Record date for participation in the Rights Issue

May 25, 2021

Subscription period

May 27 – June 10, 2021

Trading in subscription rights

May 27 – June 7, 2021

Trading in BTAs

May 27 – June 14, 2021

Announcement of final outcome in the Rights Issue

Around June 14, 2021

Delivery of and trading in new shares subscribed with subscription rights

Around June 18, 2021

Delivery of and trading in new shares subscribed without subscription rights

Around June 30, 2021

The Over-Allotment Option

The Board of Directors is also authorized to decide upon a directed issue with deviation from the shareholders’ preferential rights whereby the Company will receive a maximum of SEK 100,000,000 before transaction costs. The Over-Allotment Option can only be exercised if the Rights Issue is oversubscribed and to meet the interest from strategic investors.

Upon the potential exercising of the Over-Allotment Option, the subscription price will equal that of the subscription price in the Rights Issue. Exercising the Over-Allotment Option would provide Isofol a maximum of SEK 100,000,000, before transaction costs, by issuing a maximum of 15,625,000 shares.

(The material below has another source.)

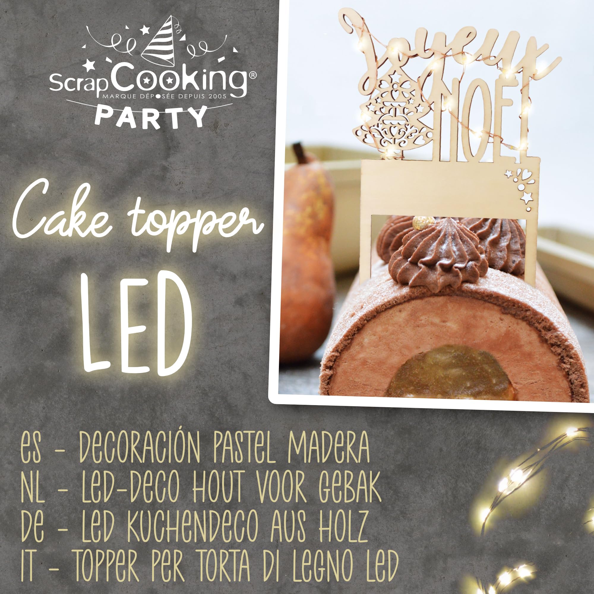 ✨ BELEUCHTEN SIE IHRE DESSERTS - Ein leuchtender Cake Topper für ein festliches und unvergessliches Erlebnis für das neue Jahr. Produktbeschreibung Nicht für die Spülmaschine oder den Ofen geeignet., Nicht verdrehen. LED-Topper Happy New Year - Kuchen Planet Alle unsere Produkte werden in Frankreich in unseren Werkstätten in Fondettes entworfen (37). 4962) und Merry Christmas (Ref., 4963) Scrapcooking - Cake Topper LED "Happy Birthday" - Les Secrets du Chef Nur solange der Vorrat reicht: Beleuchtete Dekoration aus Holz - ab 0.0 N/A | Günstig bestellen ✔ 30 Tage Rückgaberecht ✔ Dies ist kein Spielzeug, nicht in die Hände von Kindern gelangen. Silvester Deko 2025 Led ScrapCooking – Cake Topper LED "Happy New Year" – Beleuchtete Weihnachtsdeko Für Torten 🌲 Elegante Dekoration aus Holz – Dieser Cake Topper aus Holz verleiht Ihren Desserts am 31., Dezember oder 1., Januar einen natürlichen und authentischen Duft. Eine stilvolle Dekoration, um Ihren Gästen ein Happy New Year zu wünschen dank der angebrachten Buchstabenschrift. Nicht unter Wasser legen. Einfach zu bedienen, stecken Sie einfach den Tortenaufsatz auf die Oberseite Ihres Kuchens. 2 x CR2032-Batterien sind für den sofortigen Gebrauch enthalten. Vervollkommnen Sie die Präsentation Ihrer Kuchen, Scheite, Kuchen, Gebäcks und andere Leckereien mit einer spektakulären Dekoration, die die Wärme des Holzes mit der Zartheit der LEDs verbindet Eine stilvolle Dekoration, um Ihren Gästen ein Happy New Year zu wünschen dank der angebrachten Buchstabenschrift. Einfach zu bedienen, stecken Sie einfach den Tortenaufsatz auf die Oberseite Ihres Kuchens Wiederverwendbar, mit einem leicht feuchten Schwamm abwaschbar (nicht für Spülmaschine oder Backofen geeignet). Nicht in direkten Kontakt mit Flamme oder auf einem elektrischen Kochfeld bringen. Warnhinweise Nicht für die Spülmaschine oder den Ofen geeignet., Nicht verdrehen.

The Rights Issue and the Over-Allotment Option would result in an increase of the share capital of a maximum of approximately SEK 2,392,767.2. Upon exercising the Over-Allotment Option, the number of shares in Isofol, after the Rights Issue and the Over-Allotment Option, will amount to a maximum of 161,515,440 shares and the share capital will amount to a maximum of approximately SEK 4,945,252.1. For existing shareholders not participating in the Rights Issue and Over-Allotment Option, a dilution effect corresponding to approximately 48.4 percent of the total number of shares and votes in the Company following the Rights Issue and Over-Allotment Option will arise.

The reason to deviate from the shareholders’ preferential rights is that the Board of Directors, in the event of strong interest from investors, wishes to further strengthen the Company’s capital as well as broaden the Company’s shareholder base with strategic investors.

Advisors

Carnegie Investment Bank AB (publ) and Pareto Securities AB act as Joint Bookrunners in connection with the Rights Issue and the potential Over-Allotment Option. Vinge law firm acts as legal adviser to Isofol, and Schjødt law firm acts as legal adviser to the Joint Bookrunners. Ashurst LLP acts as legal adviser to the Joint Bookrunners as to US securities law.

This is information that Isofol Medical AB (publ) is obliged to make public pursuant to the EU Market Abuse Regulation. The information was submitted for publication, through the agency of the contact person set out above, at 21:10 CEST on May 18, 2021.

About arfolitixorin

Arfolitixorin is Isofol’s proprietary drug candidate being developed to increase the efficacy of standard of care chemotherapy for advanced colorectal cancer. The drug candidate is currently being studied in a global Phase III study, AGENT. As the key active metabolite of the widely used folate-based drugs, arfolitixorin can potentially benefit more patients with advanced colorectal cancer, as it does not require complicated metabolic activation to become effective.